Рисунок 1. Основные механизмы действия антител. Нейтрализующее действие антител (вариант 1) проиллюстрировано на примере IgM-антител, блокирующих микроорганизм, и IgG-антител, формирующих иммунный комплекс с токсином. Варианты 2 и 3 (опсонизация, усиливающая фагоцитоз, и стимуляция цитотоксической активности NK-клеток) реализуются через взаимодействие иммуноглобулинов с Fcγ-рецепторами клеток.
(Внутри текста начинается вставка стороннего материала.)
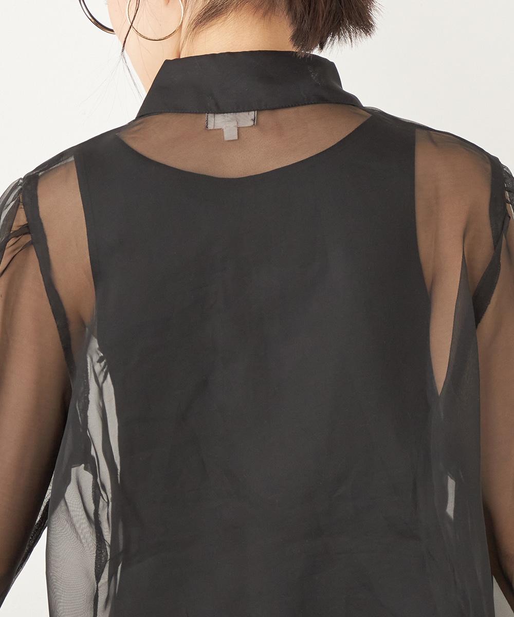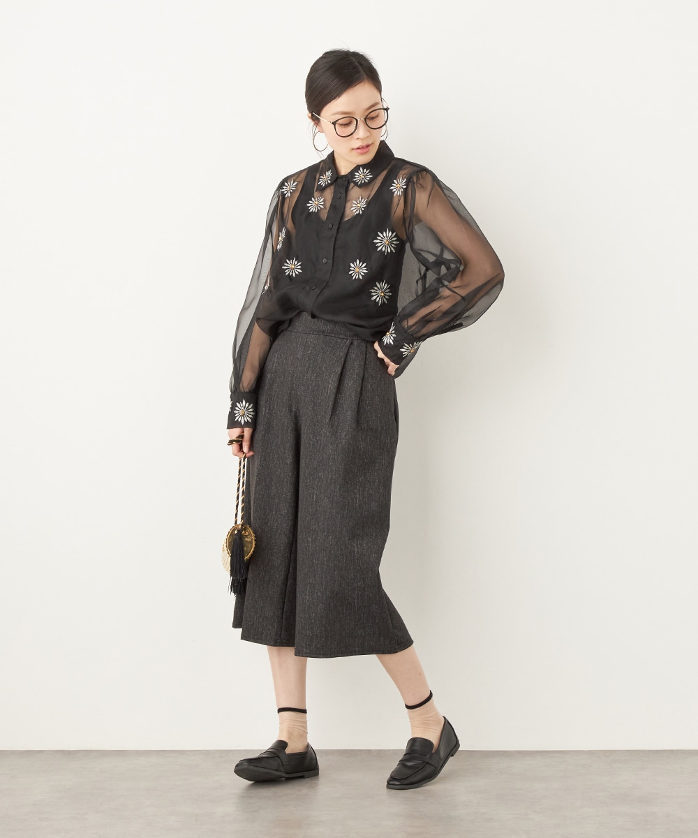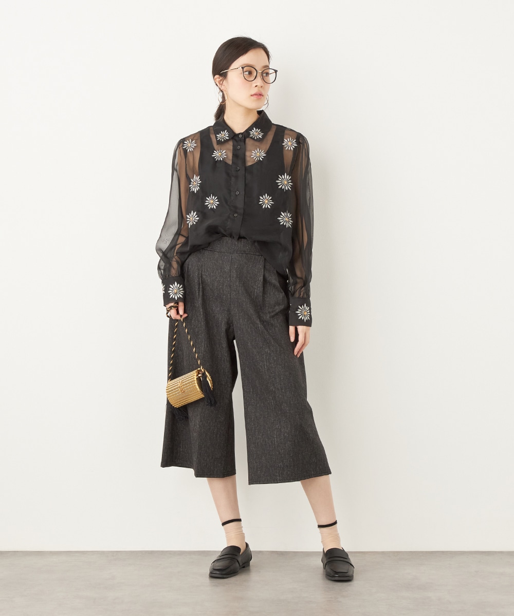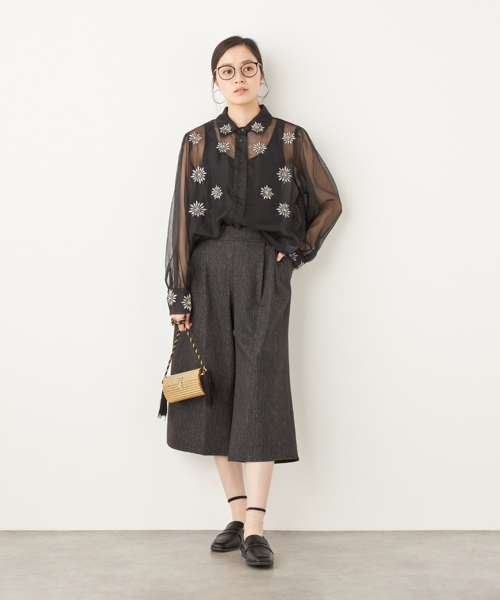 襟元とフロント、袖口にバランス良く刺繍をあしらっています。大ぶりのフラワーの華やかさもこだわりのポイントです。モチーフの中心には煌めくビジューをセットして、より印象的なデザインに仕上げています。繊細な透け感を生かしたレイヤードコーディネートがおすすめです。

Взаимодействие с антигеном (вариант 4) открывает комплементсвязывающие участки IgG-антител, что приводит к запуску комплемента по классическому пути и лизис или опсонизацию клеток-мишеней [2].
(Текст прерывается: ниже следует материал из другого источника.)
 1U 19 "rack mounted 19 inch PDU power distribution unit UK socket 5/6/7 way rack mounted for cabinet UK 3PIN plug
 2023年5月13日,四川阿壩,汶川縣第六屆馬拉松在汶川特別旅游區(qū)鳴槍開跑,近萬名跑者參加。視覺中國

Процесс формирования репертуара B-клеток обязательно включает в себя происходящую в костном мозге «негативную селекцию», в ходе которой из всего множества незрелых B-лимфоцитов удаляются клетки, несущие на своей поверхности B-клеточный рецептор, способный связывать собственные антигены организма (аутоантигены). Этот процесс крайне важен, поскольку он служит залогом того, что мишенями для антител не станут клетки организма-хозяина. Тем не менее, эффективность негативной селекции не является стопроцентной, и в реальности остается большое количество «аутореактивных» (т.е., способных распознавать аутоантигены) B-клеток.
В норме данный феномен не оказывает негативного воздействия на организм, поскольку на пути к активации аутореактивной B-клетки лежит целый спектр дополнительных регуляторных барьеров. Тем не менее, иногда аутореактивным клеткам удается преодолеть все препятствия, и это может привести к инициированию аутоиммунного процесса, лежащего в основе всех аутоиммунных заболеваний. Этот же сценарий может развиваться и в случае образования опухоли.
Опухолевые клетки, как правило, характеризуются целым спектром нарушений белковых молекул, которые могут быть обнаружены системой адаптивного иммунитета и проявляться в том числе наличием циркулирующих аутоантител к нормальным либо тем или иным образом модифицированным опухолевым белкам (называемым в данном случае опухолеассоциированными аутоантигенами). Последние включают в себя мутантные, неправильно свернутые или гликозилированные, сверхэкспрессированные белки или же белки с эктопической экспрессией, т.е. экспрессируемые опухолью, но не нормальной тканью того же происхождения/анатомической локализации. Источниками антигенов в опухолевой ткани также могут являться белки со скрытыми эпитопами, экспонирующимися в ходе опухолеспецифичного протеолиза.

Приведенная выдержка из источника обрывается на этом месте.